В тот день, собрав на спортивной площадке всю школу, Зиянет Шекерек-кызы, стоя на айване, долго рассказывала нам, кто такой Салим Сахиб. Она принесла из библиотеки все его книги и одну за другой продемонстрировала ребятам. Вслед за этим Зиянет Шекерек-кызы показала нам свежую газету, вернее, первую полосу газеты, потому что именно на первой полосе была напечатана статья Салима Сахиба. Когда один из отличников громко прочел эту статью, посвященную приближающемуся Дню Победы, Зиянет Шекерек-кызы сказала, что мы, бузбулакцы, в силу своей культурной отсталости не могли оценить значение Салима Сахиба. Не будь мы такими отсталыми, мы бы уже давно организовали музей в доме Салима Сахиба, а мы до такой степени забросили его дом, что не только двор, даже крыша сплошь заросла травой. Ровно через два дня, в День Победы, Салим Сахиб будет в Бузбулаке. В эти оставшиеся два дня мы во что бы то ни стало должны доказать, что мы, бузбулакцы, не окончательно отстали в культурном отношении, а потому на два дня занятия в школе отменяются. За эти два дня мы должны расчистить дорогу к дому Салима Сахиба, хорошенько перекопать сад и двор от калитки до самого дома, насадить розы. Те, у кого дома есть розы, должны выкопать по одному самому лучшему кусту и ровно в восемь утра принести их к дому Салима Сахиба... Когда она кончила говорить, мы все построились и пошли к дому писателя.
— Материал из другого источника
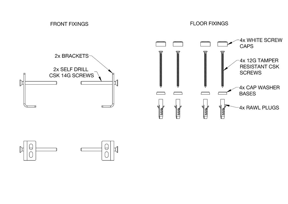 The Wallgate Pan Rear Fixing Kit enables a secure installation of any Wallgate pan by fixing it through the rear wall, enhancing the overall robustness. The kit includes tamper-resistant fixings, offering high levels of security and durability against potential damage.

В середине шли девочки, замыкали шествие старшеклассники, а мы, малыши, как всегда, были впереди.
Пока мы шествовали от школы до отчего дома Салима Сахиба, Зиянет Шекерек-кызы раздобыла в домах необходимый инвентарь: лопаты, грабли, серпы, косы, ведра... Прибыв на место, мы под руководством Зиянет Шекерек-кызы разделились на группы и с ходу взялись за работу. Девочки, достав где-то лестницу, забрались на крышу. В ту весну из-за обилия дождей на всех бузбулакских крышах, оставленных без присмотра, трава поднялась чуть ли не по пояс. Перекопать двор, поправить лестницу, выкорчевать пни давно спиленных деревьев - эта тяжелая работа выпала на долю главных школьных силачей. Нам, малышам, поручено было выбирать с земли небольшие камни, сгребать и таскать траву, которую выпалывали во дворе и выдирали с крыши, а также бегать на речку и, ведрами черпая воду, поить тех, кто работал в поте лица и все время хотел пить. Во время вдохновенной работы по уборке отчего дома Салима Сахиба у некоторых кружилась голова, кое-кого тошнило, одной из девочек, работавших на крыше, стало совсем плохо. Но, несмотря на это, мы в тот же день закончили основные дела, и Зиянет Шекерек-кызы к вечеру совершенно успокоилась. Зато сестра Салима Сахиба тетя Солтан никак не могла успокоиться - она прямо извелась, ходя из дома в дом: у одних выпрашивала муки, у других - чаю, у третьих - масла. Худая, длинная, она бродила по улицам и без конца твердила: "Брат, брат..."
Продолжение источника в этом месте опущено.